- Native to: Tanzania
- Ethnicity: Anyihanzu
- Native speakers: 26,000 (2009)
- Language family: Niger–Congo? Atlantic–CongoVolta-CongoBenue–CongoBantoidSouthern BantoidBantuNyaturu-Nilamba-IsanzuIsanzu; ; ; ; ; ; ; ;

Language codes
- ISO 639-3: isn
- Glottolog: isan1243
- Guthrie code: F.31B
- ELP: Isanzu

= Isanzu language =

Bantu language spoken in Tanzania

Isanzu is a Bantu language spoken by the Isanzu people south of Lake Eyasi in Tanzania.

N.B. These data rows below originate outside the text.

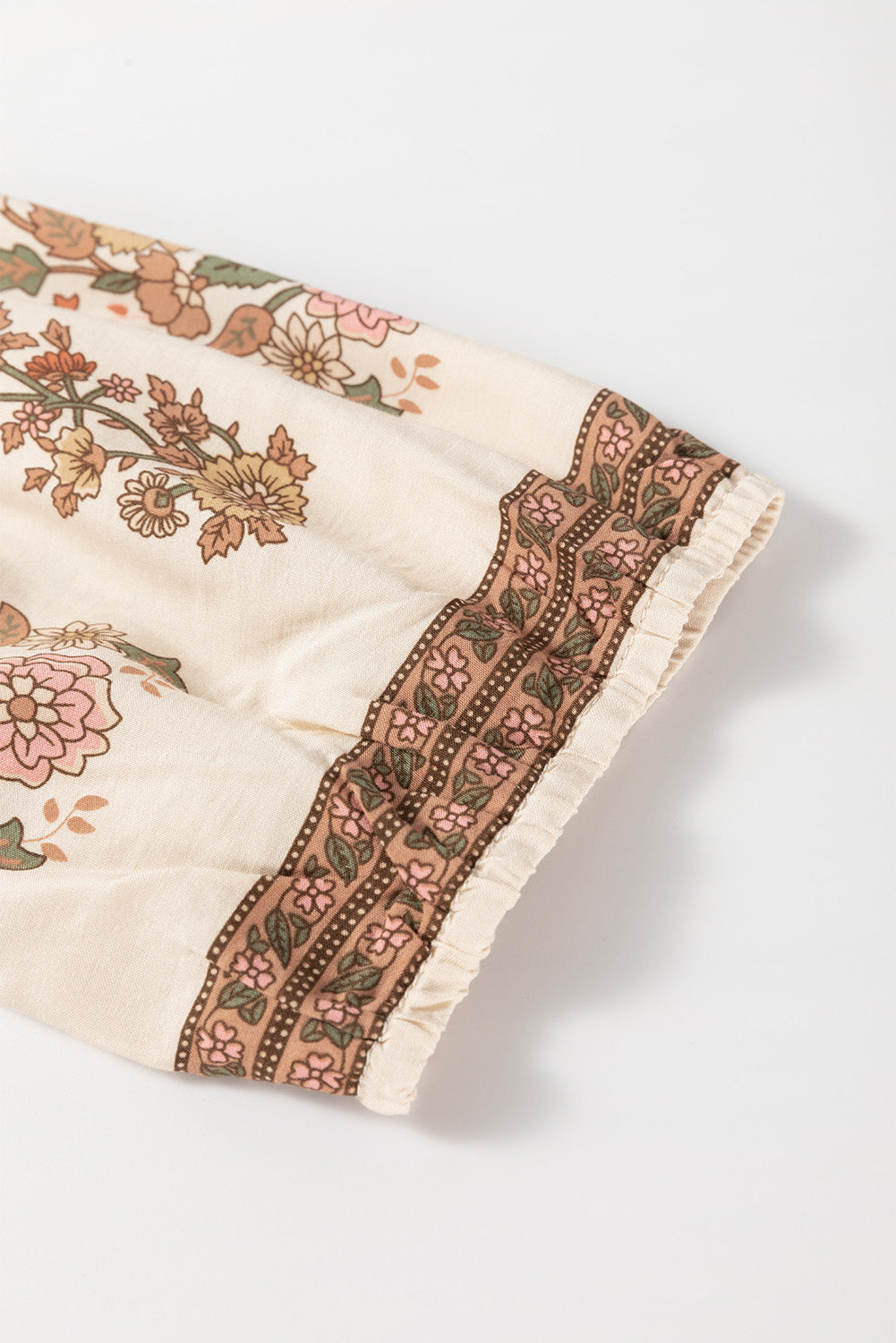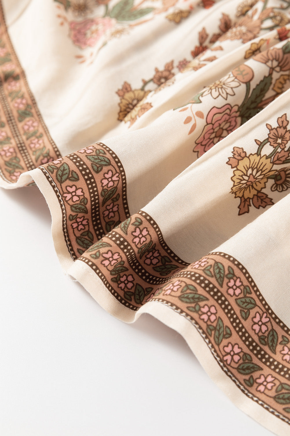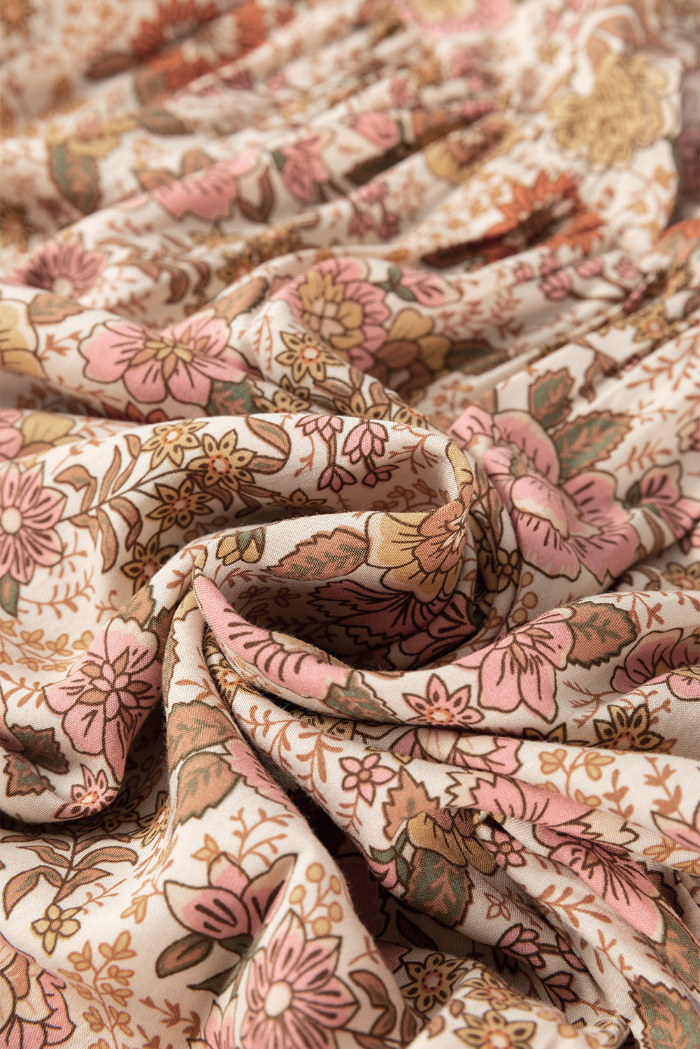 This apricot floral print tassel drawstring v-neck dress combines comfort and style in one. The loose fit and mini length provide a flattering look, while the tassels and drawstring add a touch of bohemian charm. Perfect for any occasion, this dress is both versatile and trendy.
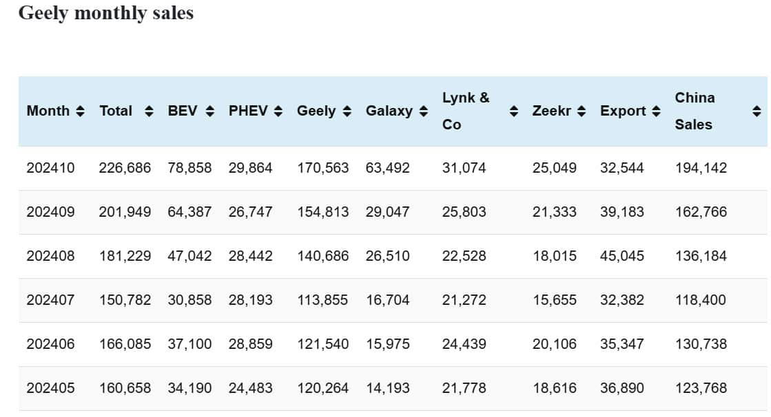 Geely sales in Oct: 226,686
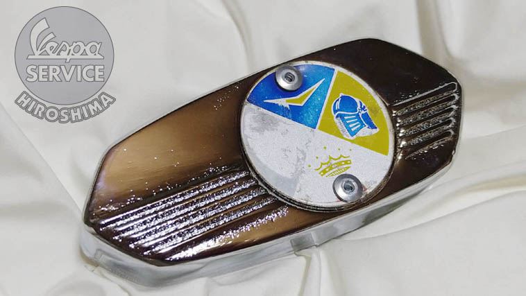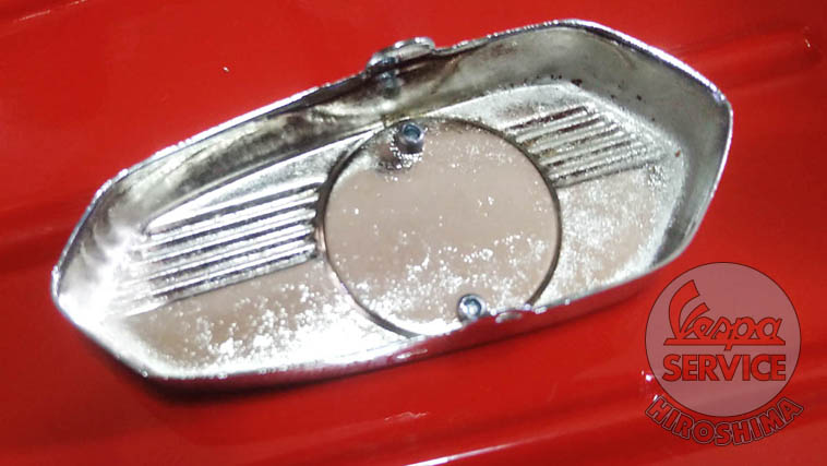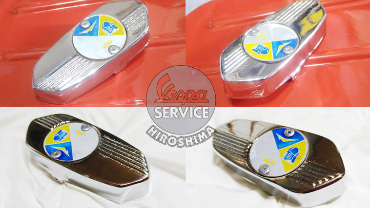 一度丸いロゴエンブレムを外し、下地を整えてから再メッキに出しました。]
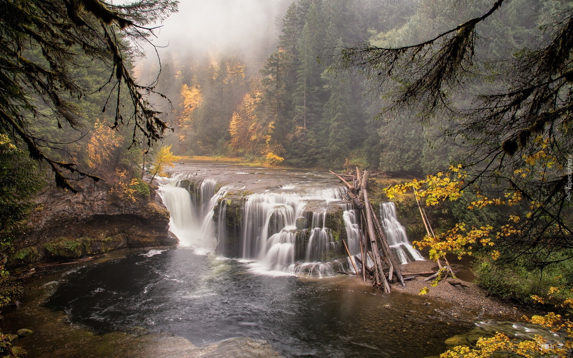 Edytor tapety: Rzeka, Wodospad, Las, Mgła
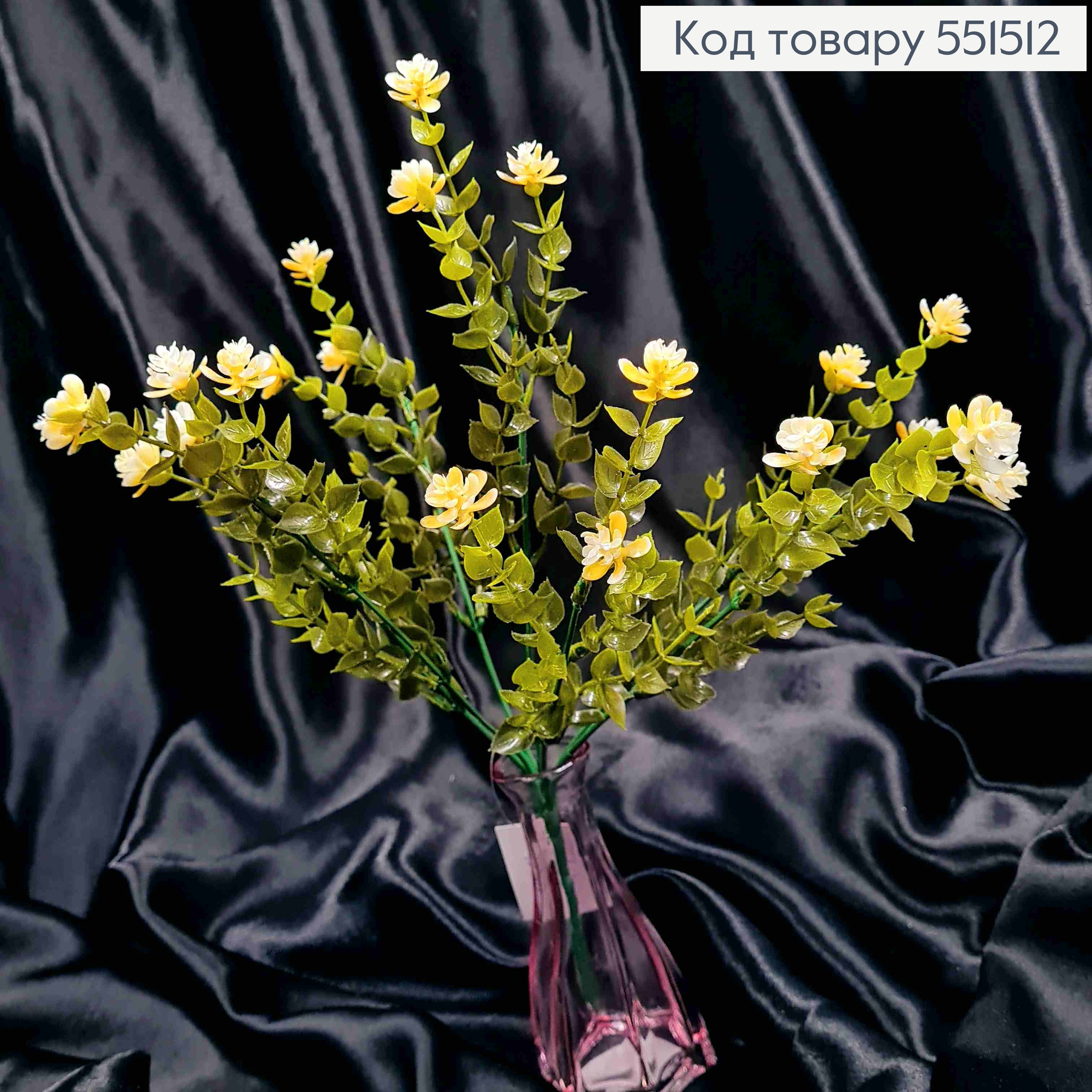 Искусственная декоративная зелень Самшит, с бело-желтыми цветочками, 7 веточек на металлическом стержне, 35см.
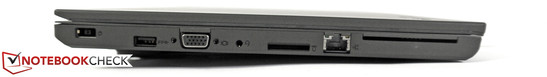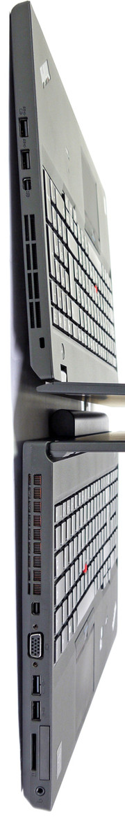 Trotz der kompakt-schlanken Bauweise, finden wir alle wichtigen Schnittstellen am Gehäuse. 3 x USB 3.0, Mini-DisplayPort, VGA und ein Kartenleser decken die gefragtesten Bereiche ab. Zudem bietet das ThinkPad W550s einen echten Dockingport am Unterboden, der im stationären Betrieb zusammen mit einer Dockingstation ein üppiges Peripherie-Arsenal aufnehmen kann. Die sonstige Schnittstellenanordnung steht natürlich unter dem Diktat der flachen Seitenteile. Zwischen den Anschlüssen könnten hier und da die Abstände etwas größer ausfallen, um mit angesteckten Kabeln, Adaptern oder Erweiterungen nicht die jeweiligen Nachbarports zu blockieren. Warum ausgerechnet der LAN-Anschluss so weit vorne platziert ist, erschließt sich uns nicht wirklich.

The position of Isanzu within the Bantu family is uncertain. It is rather distinct in certain features from other Bantu languages of the area, such as Nyaturu, but is quite close in others. One easily recognizable feature is /h/ in words where neighboring languages have /s/ or /tʃ/, as in the name Isanzu ~ Ihanzu, a feature it shares with Iramba, and a reason it is commonly classified with Iramba.

==Phonology==

Consonants
|  | Labial | Alveolar | Palatal | Velar | Glottal |
|---|---|---|---|---|---|
| Plosive | p b | t d |  | k g |  |
| Affricate |  | dz | dʒ |  |  |
| Fricative | f | s | ʃ | x | h |
| Nasal | m̥ m | n̥ n | ɲ | ŋ̊ ŋ |  |
| Approximant | w | r, l | j |  |  |

Vowels
|  | Front | Central | Back |
|---|---|---|---|
| High | i iː |  | u uː |
| Mid-high | e eː |  | o oː |
| Mid-low | ɛ ɛː |  | ɔ ɔː |
| Low |  | a aː |  |

Additionally, Isanzu distinguishes between high tone and low tone.